# [Task item]
Do not repeat pictures. Repeat exactly the lines of the listing below from its first line through the line with "Mujer ante el espejo, ca.".

# [Listed entries]
:::::

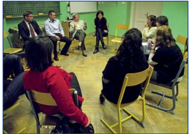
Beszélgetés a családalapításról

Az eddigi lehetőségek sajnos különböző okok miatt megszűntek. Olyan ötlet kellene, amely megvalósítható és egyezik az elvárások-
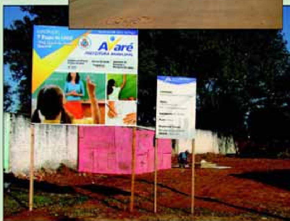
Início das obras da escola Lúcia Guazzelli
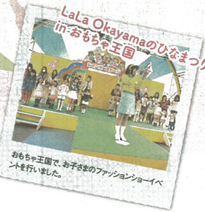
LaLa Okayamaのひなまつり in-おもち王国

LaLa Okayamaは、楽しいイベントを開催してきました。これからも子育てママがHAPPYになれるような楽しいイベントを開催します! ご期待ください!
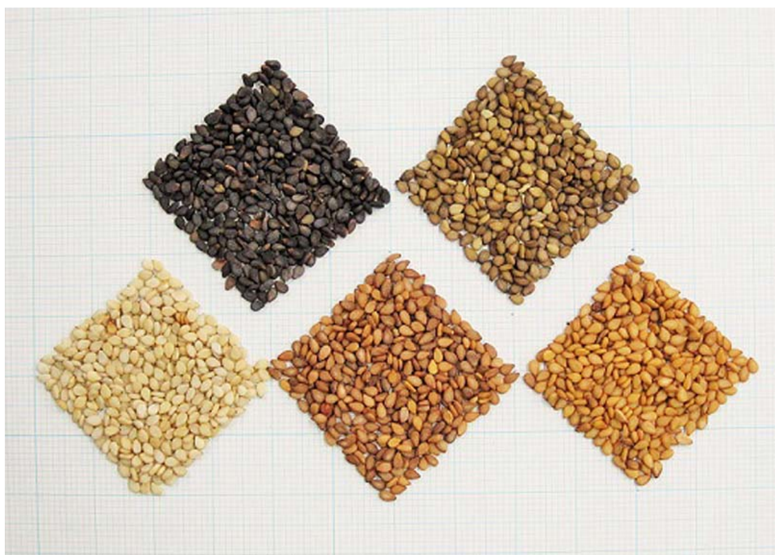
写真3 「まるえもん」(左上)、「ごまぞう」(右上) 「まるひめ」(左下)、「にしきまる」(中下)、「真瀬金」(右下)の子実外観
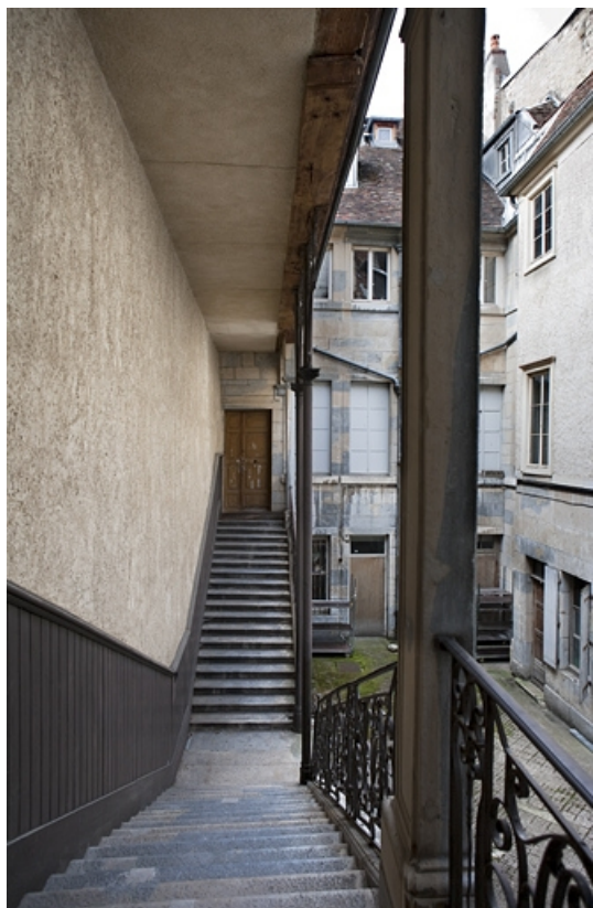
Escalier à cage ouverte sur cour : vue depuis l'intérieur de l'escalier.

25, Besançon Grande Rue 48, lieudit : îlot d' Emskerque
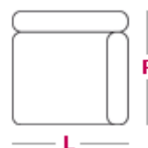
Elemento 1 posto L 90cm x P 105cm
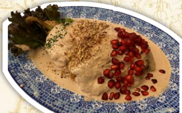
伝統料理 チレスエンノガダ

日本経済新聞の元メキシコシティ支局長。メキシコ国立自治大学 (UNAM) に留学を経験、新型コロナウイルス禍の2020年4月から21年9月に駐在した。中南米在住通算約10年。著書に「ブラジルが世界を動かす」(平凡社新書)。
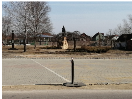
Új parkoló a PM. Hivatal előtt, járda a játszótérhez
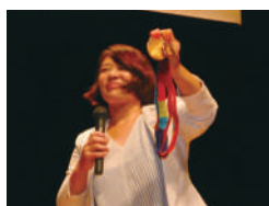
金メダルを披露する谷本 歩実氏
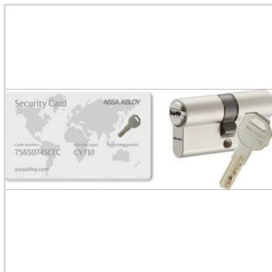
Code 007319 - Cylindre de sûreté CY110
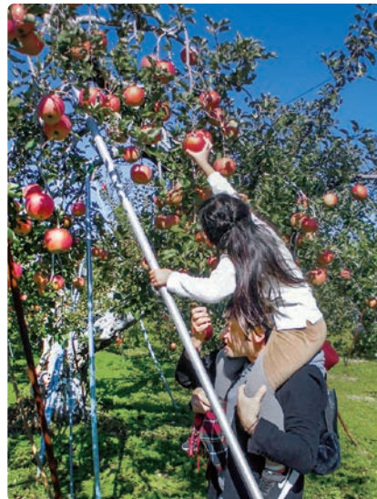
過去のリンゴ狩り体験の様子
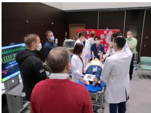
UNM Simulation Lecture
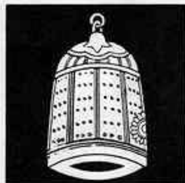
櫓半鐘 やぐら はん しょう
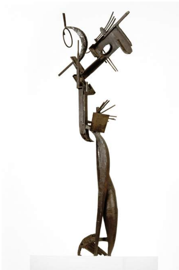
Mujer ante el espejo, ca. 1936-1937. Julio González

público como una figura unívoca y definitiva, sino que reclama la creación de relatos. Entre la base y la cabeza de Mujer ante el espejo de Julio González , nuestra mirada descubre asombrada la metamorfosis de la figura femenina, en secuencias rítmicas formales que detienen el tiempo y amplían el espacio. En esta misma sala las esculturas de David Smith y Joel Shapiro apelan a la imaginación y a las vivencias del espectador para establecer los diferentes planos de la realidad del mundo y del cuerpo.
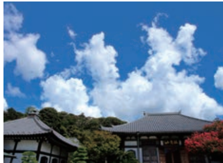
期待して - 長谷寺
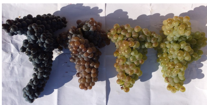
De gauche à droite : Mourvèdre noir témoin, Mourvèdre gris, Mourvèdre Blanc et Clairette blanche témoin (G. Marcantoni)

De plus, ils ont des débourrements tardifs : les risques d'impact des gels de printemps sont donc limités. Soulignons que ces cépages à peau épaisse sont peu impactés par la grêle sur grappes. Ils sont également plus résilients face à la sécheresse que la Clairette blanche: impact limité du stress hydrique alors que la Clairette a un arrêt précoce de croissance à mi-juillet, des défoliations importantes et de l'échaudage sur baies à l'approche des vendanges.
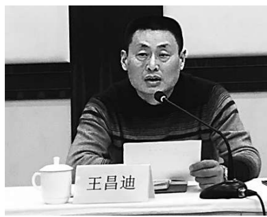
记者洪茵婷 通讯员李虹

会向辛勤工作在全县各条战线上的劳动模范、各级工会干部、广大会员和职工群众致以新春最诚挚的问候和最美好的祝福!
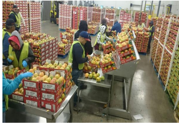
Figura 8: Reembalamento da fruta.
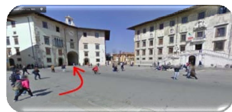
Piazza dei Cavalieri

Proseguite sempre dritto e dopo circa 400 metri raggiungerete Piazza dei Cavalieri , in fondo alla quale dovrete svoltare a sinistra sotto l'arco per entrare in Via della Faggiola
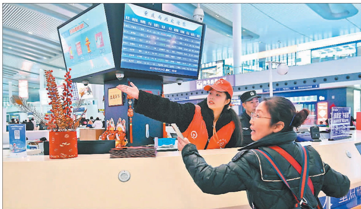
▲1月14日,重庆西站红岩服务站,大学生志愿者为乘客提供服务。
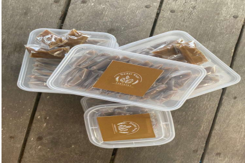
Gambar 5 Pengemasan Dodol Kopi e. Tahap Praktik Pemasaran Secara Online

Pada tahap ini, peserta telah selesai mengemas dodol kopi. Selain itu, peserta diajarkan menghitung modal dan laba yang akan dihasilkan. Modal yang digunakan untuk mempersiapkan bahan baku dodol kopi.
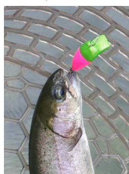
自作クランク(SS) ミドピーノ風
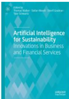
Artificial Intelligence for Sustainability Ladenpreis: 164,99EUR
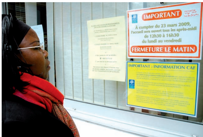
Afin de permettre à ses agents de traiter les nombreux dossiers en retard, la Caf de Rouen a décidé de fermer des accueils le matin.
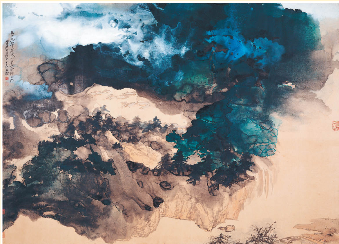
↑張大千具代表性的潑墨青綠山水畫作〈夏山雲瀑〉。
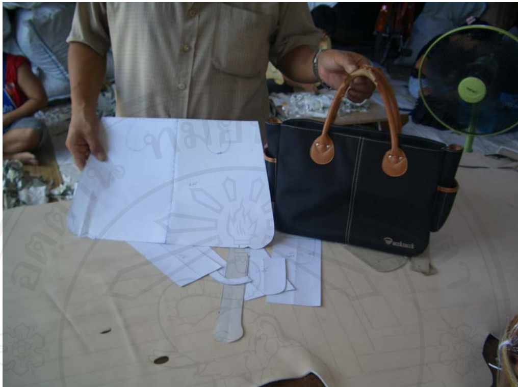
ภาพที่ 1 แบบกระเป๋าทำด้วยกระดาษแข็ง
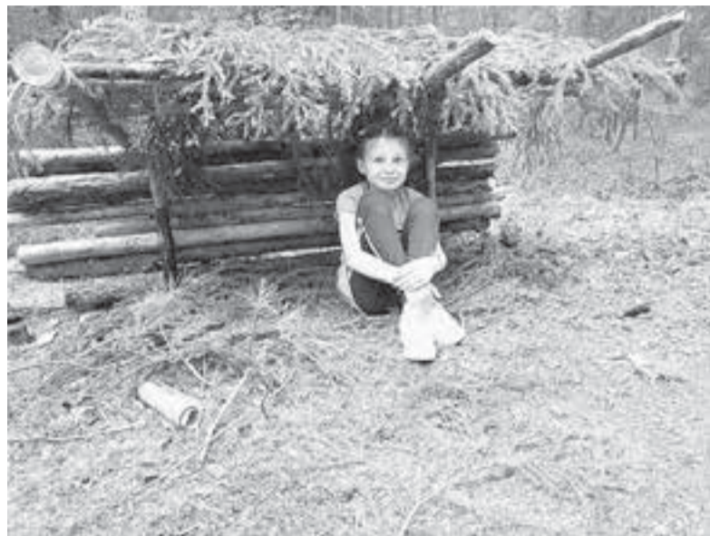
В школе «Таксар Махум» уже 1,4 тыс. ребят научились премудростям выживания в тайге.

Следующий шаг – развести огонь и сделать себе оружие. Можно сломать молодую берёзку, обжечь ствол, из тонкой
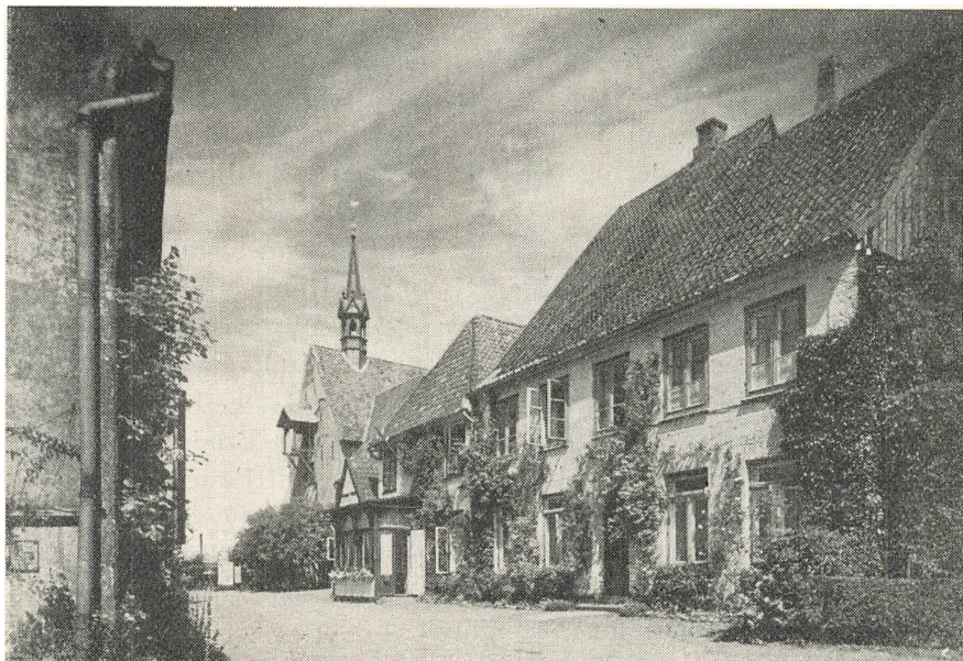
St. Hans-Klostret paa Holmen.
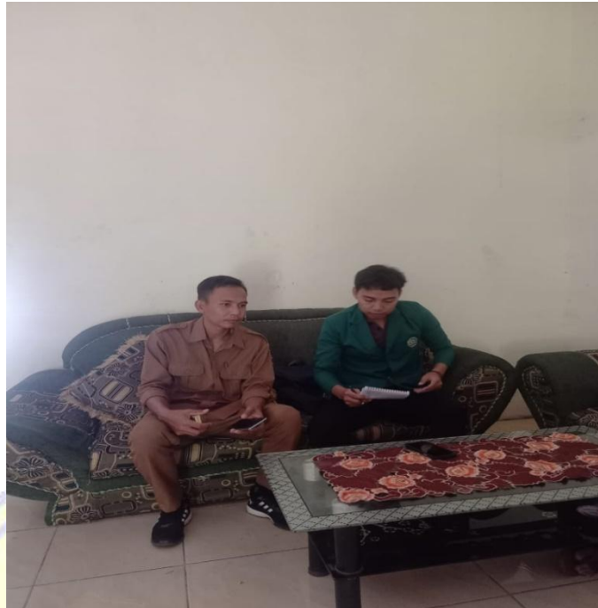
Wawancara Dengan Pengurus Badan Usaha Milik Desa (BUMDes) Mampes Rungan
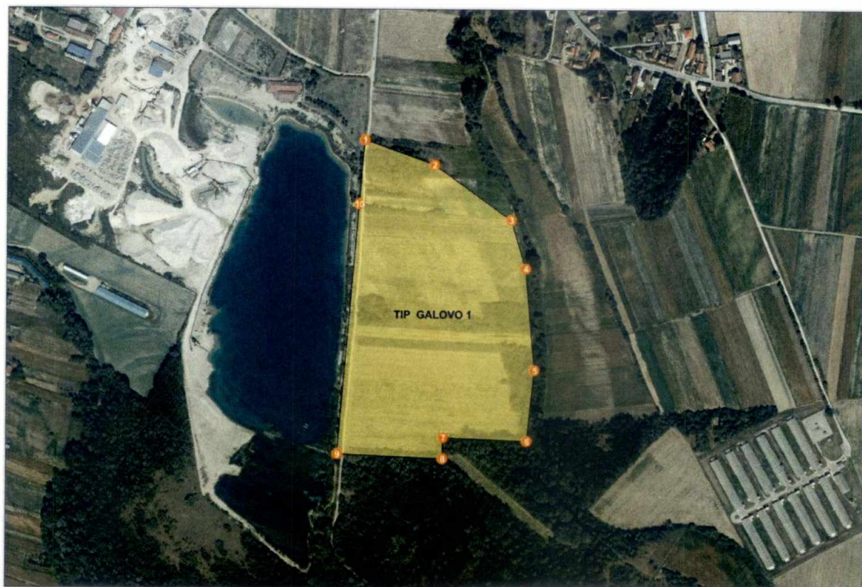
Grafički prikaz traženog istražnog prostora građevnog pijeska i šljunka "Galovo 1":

:::::

# [Your response]
Beszélgetés a családalapításról

Az eddigi lehetőségek sajnos különböző okok miatt megszűntek. Olyan ötlet kellene, amely megvalósítható és egyezik az elvárások-
Início das obras da escola Lúcia Guazzelli
LaLa Okayamaのひなまつり in-おもち王国

LaLa Okayamaは、楽しいイベントを開催してきました。これからも子育てママがHAPPYになれるような楽しいイベントを開催します! ご期待ください!
写真3 「まるえもん」(左上)、「ごまぞう」(右上) 「まるひめ」(左下)、「にしきまる」(中下)、「真瀬金」(右下)の子実外観
Escalier à cage ouverte sur cour : vue depuis l'intérieur de l'escalier.

25, Besançon Grande Rue 48, lieudit : îlot d' Emskerque
Elemento 1 posto L 90cm x P 105cm
伝統料理 チレスエンノガダ

日本経済新聞の元メキシコシティ支局長。メキシコ国立自治大学 (UNAM) に留学を経験、新型コロナウイルス禍の2020年4月から21年9月に駐在した。中南米在住通算約10年。著書に「ブラジルが世界を動かす」(平凡社新書)。
Új parkoló a PM. Hivatal előtt, járda a játszótérhez
金メダルを披露する谷本 歩実氏
Code 007319 - Cylindre de sûreté CY110
過去のリンゴ狩り体験の様子
UNM Simulation Lecture
櫓半鐘 やぐら はん しょう
Mujer ante el espejo, ca. 1936-1937. Julio González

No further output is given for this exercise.